Use the TT version when you want truncation.
Mistake 2: Forgetting That Some Instructions Use MMX
These intrinsics use __m64:
_mm_cvtpi32_ps
_mm_cvtps_pi32
_mm_cvttps_pi32
They touch MMX state.
Call _mm_empty() after using them if the program may later use x87 floating-point code.
Mistake 3: Expecting All Four XMM Lanes to Be Overwritten
CVTSI2SS only modifies the lowest float lane.
CVTPI2PS only modifies the lower two float lanes.
The remaining lanes are preserved from the input XMM register.
Always initialize the input register deliberately.
Mistake 4: Using Original SSE Conversions in New Code Without Considering SSE2
For modern x86 code, SSE2 usually gives a cleaner solution because it supports XMM integer registers through __m128i.

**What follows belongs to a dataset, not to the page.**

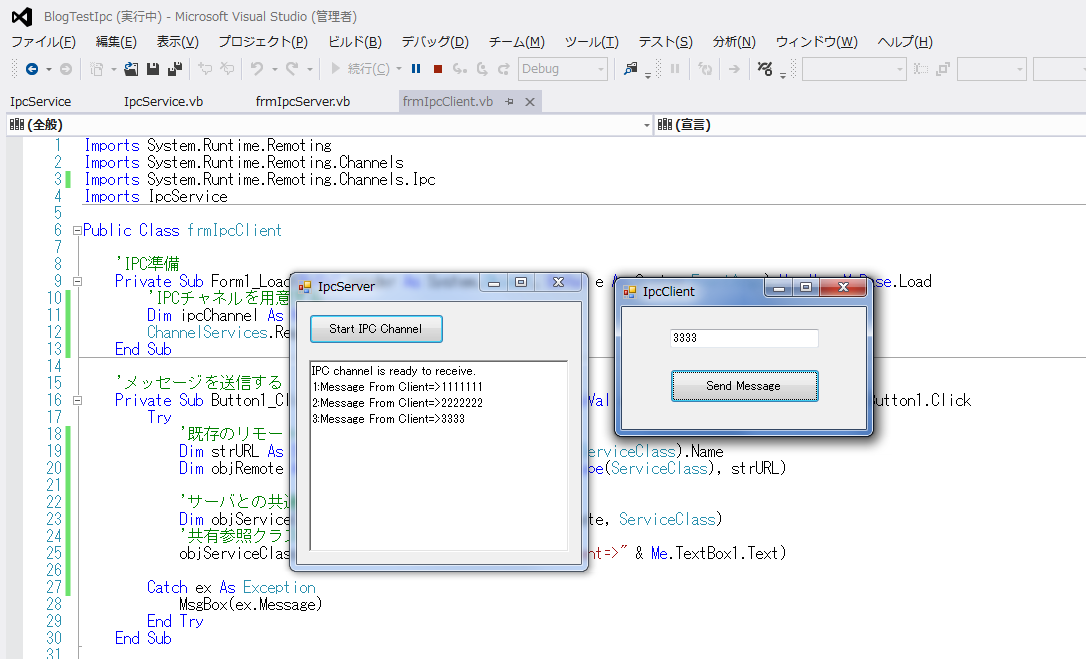 Imports System.Runtime.Remoting Imports System.Runtime.Remoting.Channels Imports System.Runtime.Remoting.Channels.Ipc Imports IpcService Public Class frmIpcServer 'IPC用クラスの生成 Private WithEvents IpcServiceClass As New IpcService.ServiceClass '受信回数 Private mintRcv As Integer = 0 '別プロセスからのメッセージを処理するためデリゲートを利用 Delegate Sub SetRichTextBox1Delegate(ByVal Value As String) Private RichTextBox1Delegate As New SetRichTextBox1Delegate(AddressOf AppendTextRichTextBox1) 'リッチテキストボックスにメッセージを表示する Private Sub AppendTextRichTextBox1(ByVal message As String) RichTextBox1.AppendText(message) End Sub 'IPC受信開始 Private Sub Button1_Click(ByVal sender As System.Object, ByVal e As System.EventArgs) Handles Button1.Click 'IPCチャネルを用意 Dim IpcChannel As New IpcServerChannel("ipcPort") ChannelServices.RegisterChannel(IpcChannel, False) Dim strSClassName As String = GetType(ServiceClass).Name RemotingConfiguration.RegisterWellKnownServiceType(GetType(ServiceClass), strSClassName, WellKnownObjectMode.SingleCall) '「ServiceClass」を参照できるように設定 Dim ref As ObjRef = RemotingServices.Marshal(IpcServiceClass, strSClassName) 'IPC受信準備 IpcChannel.StartListening(Nothing) RichTextBox1.AppendText("IPC channel is ready to receive." & vbNewLine) End Sub 'IPC用クラスのイベント処理 Private Sub IpcServiceClass_RaiseClientEvent(ByVal message As String) Handles IpcServiceClass.RaiseClientEvent 'このイベント処理は、別プロセスのServiceClassからRaiseされるので、 'このフォームのコントロールにアクセスするにはデリゲート処理を行う '(クライアントから受信したメッセージを処理) mintRcv += 1 Me.Invoke(RichTextBox1Delegate, New Object() {mintRcv.ToString & ":" & message & vbNewLine}) End Sub End Class尚、このプロジェクトの参照設定で以下のものを追加します。

Instead of converting through MMX, prefer XMM-only conversion paths when SSE2 is available.
Mistake 5: Assuming Floating-Point to Integer Conversion Always Succeeds
If a floating-point value is too large to fit in the destination integer type, the result is not a normal saturated integer conversion.
SSE conversion instructions have defined exception behavior and special invalid results depending on the instruction and exception masking.

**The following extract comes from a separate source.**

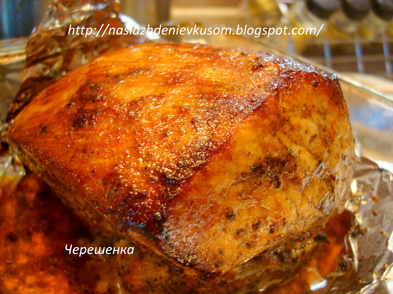 Ароматная свинина, запеченная в фольге! Не жирная, но и не сухая, нежная и очень вкусная! Горчица придает мясу особенный аромат, а вместе со всеми остальными специями получаются просто непередаваемый запах. Можно подавать как основное блюдо, горячим, а можно использовать в холодном виде как один из ингредиентов в салатах, сэндвичах и т.д. Рекомендую!!!

If your input may be outside the integer range, clamp it before conversion.
Best Practices
Use the original SSE conversion instructions when:
- maintaining old SSE/MMX code;
- converting between MMX integer data and XMM floating-point data;
- writing educational code that demonstrates the original SSE programming model;
- working with legacy image, audio, or video processing routines.
Prefer SSE2 or later when:
- writing new x86-64 code;
- converting packed integers to packed floats entirely within XMM registers;
- avoiding MMX state cleanup;
- processing four or more 32-bit values at a time;
- building portable modern SIMD code.
Use truncating conversions when:
- you want C-style float-to-int behavior;
- you want to discard the fractional part;
- the current MXCSR rounding mode should not affect the result.
Use rounded conversions when:
- you explicitly want MXCSR-controlled rounding;
- the program deliberately manages the SSE rounding mode;
- numerical behavior requires round-to-nearest, floor, ceiling, or another MXCSR rounding mode.
Summary
SSE conversion instructions are the bridge between integer and floating-point SIMD code in the original SSE instruction set.
The key instructions are:
CVTPI2PS two packed 32-bit integers to two floats
CVTSI2SS one scalar integer to one scalar float
CVTPS2PI two floats to two packed 32-bit integers, rounded
CVTTPS2PI two floats to two packed 32-bit integers, truncated
CVTSS2SI one scalar float to one scalar integer, rounded
CVTTSS2SI one scalar float to one scalar integer, truncated
The three most important rules are:
- Use
CVTT...instructions when you need truncation toward zero. - Remember that some original SSE conversions use MMX registers and therefore require
_mm_empty(). - Prefer SSE2 or later for new code when you can keep integer and floating-point SIMD values entirely in XMM registers.
The original SSE conversion instructions are not the best target for most new code, but they are still important for understanding legacy SIMD routines and the transition from MMX to the modern SSE programming model.